Program does only work when started with cuda-gdb


i got a strange problem with my application. I moved with my program from my local linux environment to the Tegra X1 embedded platform.
I got a strange problem which i do not understand and i hope someone can helpme with it:

My program compiles fine native on the X1. However, if i start it normally, it seems like my kernel is not beeing executed at all.
The strange thing is, if i try to debug it using cuda-gdb, it runs as expected and outputs the correct results. I just launch ‘cuda-gdb Application’ from console and then start it with ‘run’.
In contrast to that, if i just use the normal gdb, i.e. ‘gdb Application’ it behaves like i start it directly, so it seems like the kernel is not beeing executed at all.

This is my configuration:

CUDA Device Query (Runtime API) version (CUDART static linking)

Detected 1 CUDA Capable device(s)

Device 0: "NVIDIA Tegra X1"
  CUDA Driver Version / Runtime Version          7.5 / 7.0
  CUDA Capability Major/Minor version number:    5.3

Is it maybe a problem with my CUDA installation?

Is everything being run from a direct JTX1 login to GUI? It gets more complicated if doing remote login via ssh.

No, i was remotely logging in via ssh

Something subtle about video is that for graphical applications there is always a display environment associated with the program.
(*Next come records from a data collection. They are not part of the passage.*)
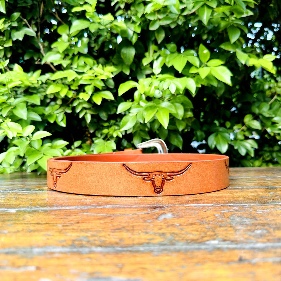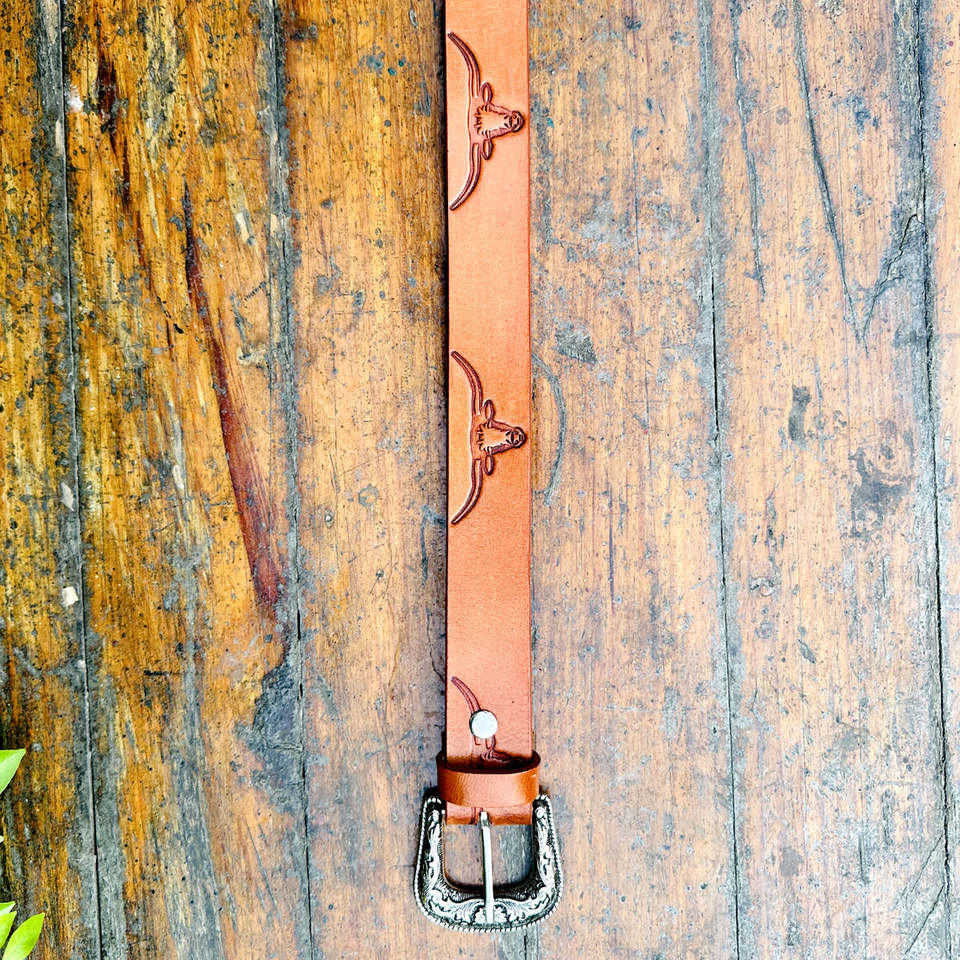 Premium Tan Genuine Leather Belt Hand Finished Bull Horn Embossed Gaucho Western Style Heavy Buckle Rock R M INTERNATION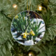 Gult Daffodils blommor i snö Julgransprydnad Keramik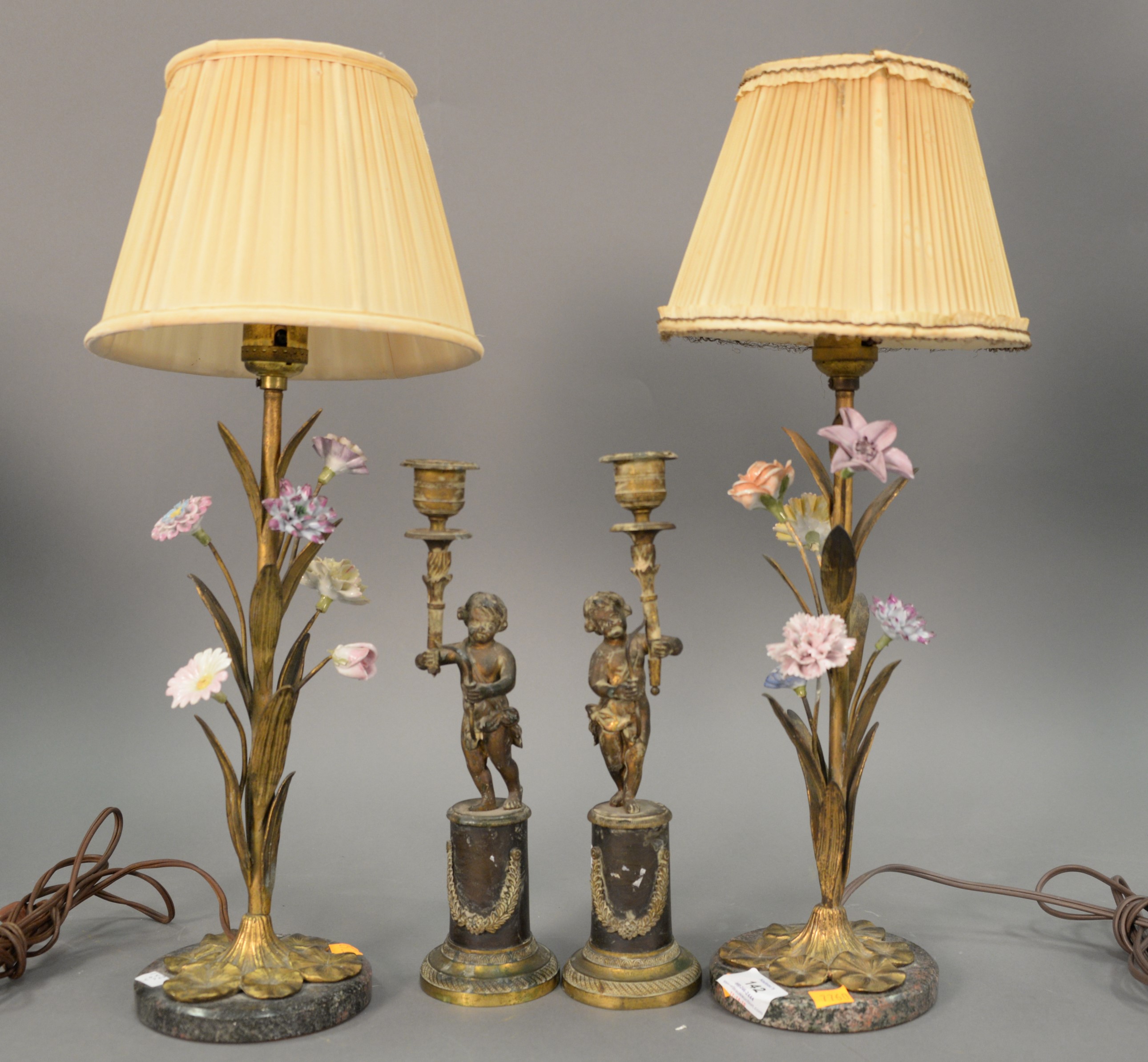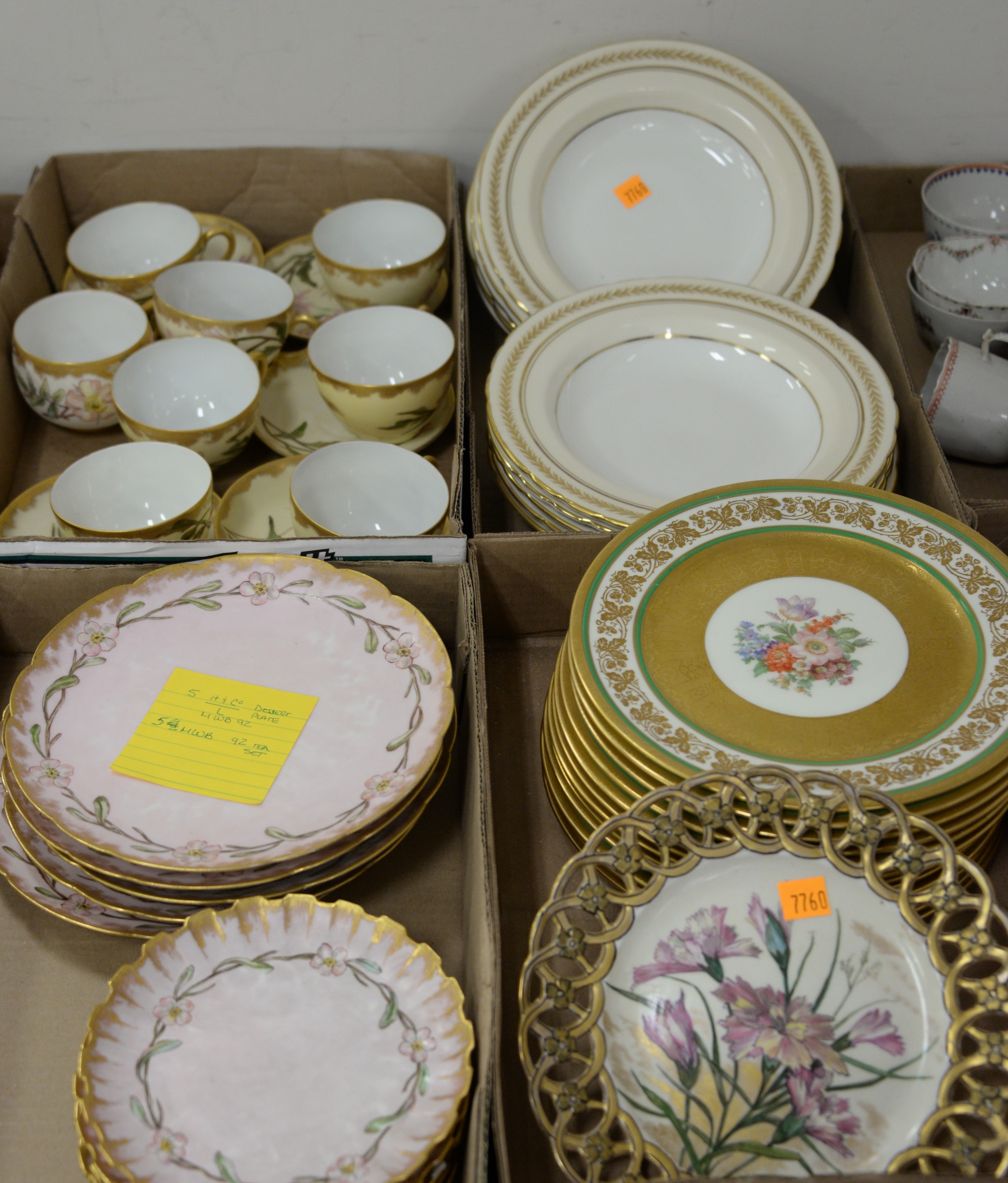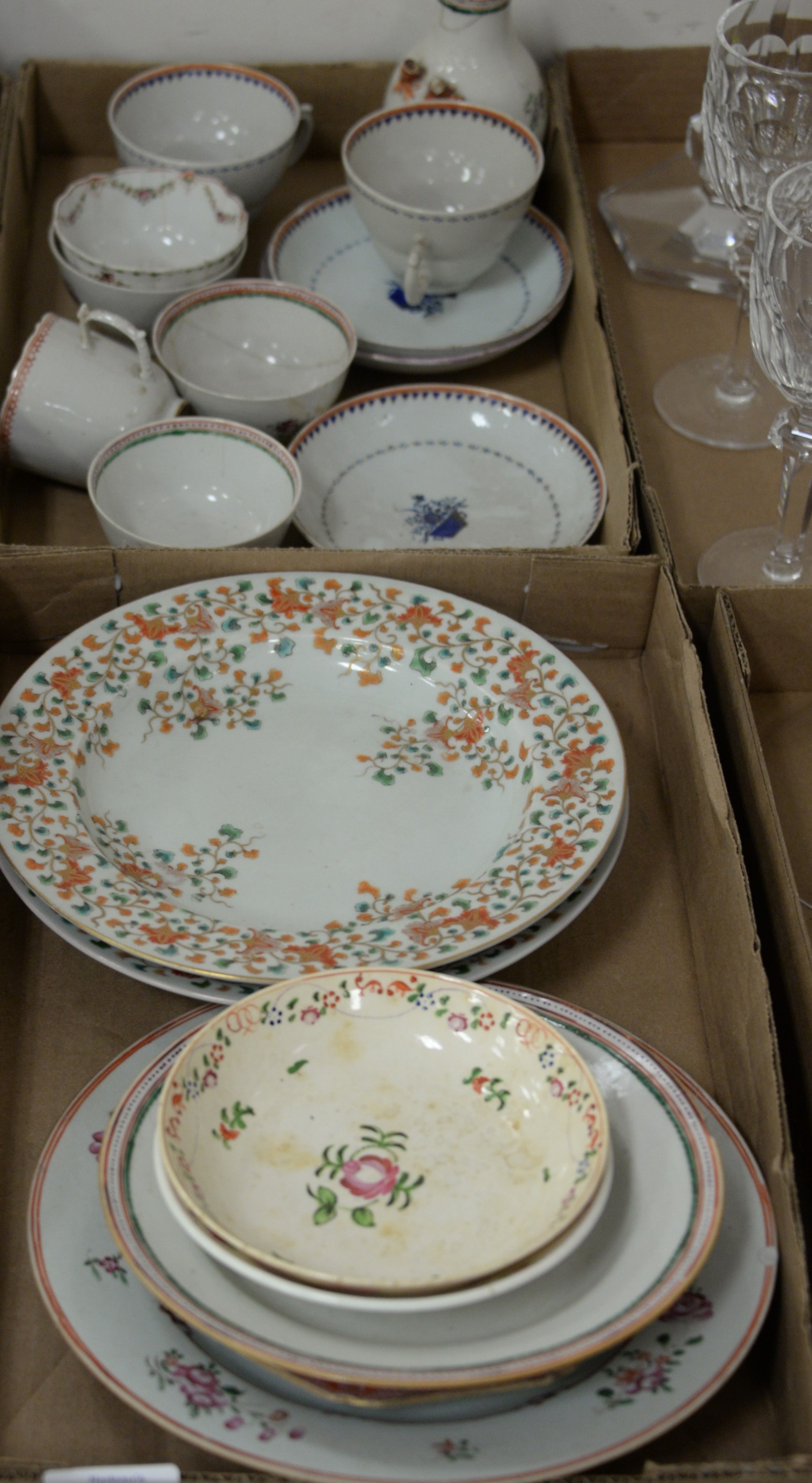Four box lots to include six Waterford stems, salt and pepper shaker, set of four St. Louis Stems, Three piece painted pitcher & two cups, and two sets of blue glasses.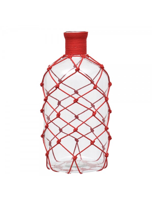 Garrafa de Vidro Revestido em Macramê de Fio de Algodão.

When you log in remotely without something to name a display, that environment breaks. When you do log in remotely and display environment is set, likely that display environment points at the host you started ssh from, and not the Jetson. As it turns out, this can include anything using GPU, the system may not be smart enough to realize the GPU is not for video use. If you have a logged in GUI session on the Jetson, then it is quite possible you could set the DISPLAY environment variable to that display and it would start working again.

If your desktop machine happens to have everything needed for GPU and you have a desktop PC with a nice nVidia graphics card, you might find amazing performance! The only thing is that performance would not be from Jetson. If your desktop machine has conflicting versions, e.g., required CUDA version differs between desktop and Jetson, then you’d get some surprising version mismatch errors.